Blaise and Echo said:


> Another question. Hydei take almost a month to get going. So you throw them away as soon as they start producing?


The ENTIRE life cycle of D. Hydei is @ 25 days. They will produce hatches well before that with temperatures of @ 80 F.


----------



## devin mac (Oct 4, 2004)

How often do you make cultures? Most of us put new cultures together weekly, so once you get on a schedule you usually will have three or so cultures producing at a time, providing plenty of food for your frogs, as well as plenty of available flies for producing new cultures.

If you follow that method, you can usually just toss any cultures that are older than your most recent 2 or 3 producing cultures. Once you get to week 4 (after initial production), the cultures are starting to lose steam and become a mite and mold hazard, so tossing them at this stage if possible is a good idea anyway in my experience. 

i was making one of each (mels and hydei) until recently when i quit bothering with hydei (only my leucs take them, and i got sick of the extra space and hassle of hydei only for the leucs... they just eat extra mels now)

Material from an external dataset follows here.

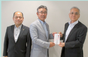
▲ライオンズクラブ国際協会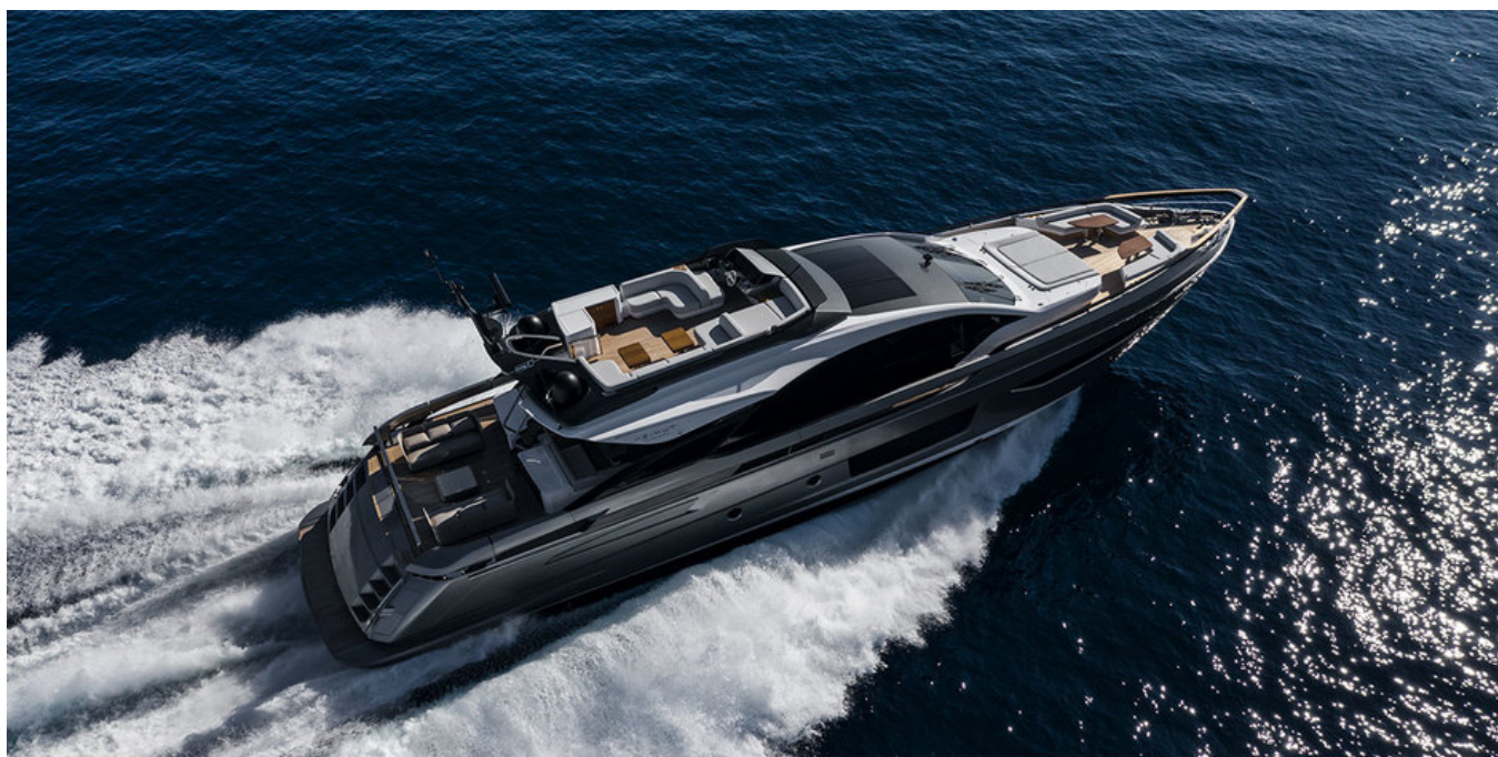
Экстерьер Azimut Grande S10

So for mels, i usually have 5 cultures "active" at a time. the most recent one i JUST set up, the next oldest usually has larvae crawling up the walls at the end of week 1, and the oldest 3 are producing flies. for hydei, i had 8 active cultures at a time using the same methodology. each week i toss the oldest one, and start a new one, even if the oldest one is still producing. 

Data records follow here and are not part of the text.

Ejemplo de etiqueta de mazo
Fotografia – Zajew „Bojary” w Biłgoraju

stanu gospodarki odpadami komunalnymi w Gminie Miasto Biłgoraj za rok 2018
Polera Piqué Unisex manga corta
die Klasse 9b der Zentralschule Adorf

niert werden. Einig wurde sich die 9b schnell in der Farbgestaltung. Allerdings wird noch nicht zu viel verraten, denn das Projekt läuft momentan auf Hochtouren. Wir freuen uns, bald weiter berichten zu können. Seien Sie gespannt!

the idea is that if you are consistent, you'll always have plenty of flies.

if you want to be super sure, double up on the cultures every other week (since two a week is probably overkill for most hobbyists with only a small number of animals).

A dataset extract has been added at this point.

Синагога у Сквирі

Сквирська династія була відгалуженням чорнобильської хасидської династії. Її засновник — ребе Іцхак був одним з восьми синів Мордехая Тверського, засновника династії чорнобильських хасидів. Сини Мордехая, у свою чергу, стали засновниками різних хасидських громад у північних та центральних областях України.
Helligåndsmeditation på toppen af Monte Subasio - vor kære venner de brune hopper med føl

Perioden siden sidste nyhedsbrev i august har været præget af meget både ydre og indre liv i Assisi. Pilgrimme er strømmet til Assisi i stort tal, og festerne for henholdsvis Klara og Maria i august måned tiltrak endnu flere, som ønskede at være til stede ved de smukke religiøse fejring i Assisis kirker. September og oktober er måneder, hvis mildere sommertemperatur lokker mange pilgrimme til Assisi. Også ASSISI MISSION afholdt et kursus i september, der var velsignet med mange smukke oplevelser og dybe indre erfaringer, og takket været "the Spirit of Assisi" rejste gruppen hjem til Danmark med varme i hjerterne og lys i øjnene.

the only other thing, is if you don't feed from a really blooming culture, either make a temporary culture to feed out of, as an overflow culture, or flush some. too many flies in the culture can cause a crash, and then you'll end up with a gap in production that will be stressful (probably more for you than the frogs, honestly... we tend to overfeed in the hobby).


----------



## Philsuma (Jul 18, 2006)

Very well put Devin.

I find a schedule to be most helpful.

I make 15 cultures every single Sunday night. If I miss the Sunday night for some odd reason, then I make sure to make them Monday.

Always better to have too many flies than not enough.

FF culturing is one of the "tricker" aspects of this hobby but all it takes is a little confidence, time and trial and error. Soon you will be able to buy all your supplies at the local grocery store and will have the whole process down to a "T" .


----------



## earthfrog (May 18, 2008)

White or light-green circles on the sides are mold. That can happen with any culture, anywhere you get it if it gets enough spores and stays moist (like it's supposed to). This usually doesn't happen before 1 1/2 weeks in, though---which is the reason for the rule to make/buy new cultures weekly. 

As for the worms, you would need to post a pic to ID them---if they don't look like your other maggots, I think you would know...
get us a picture of them off of Google or something.


----------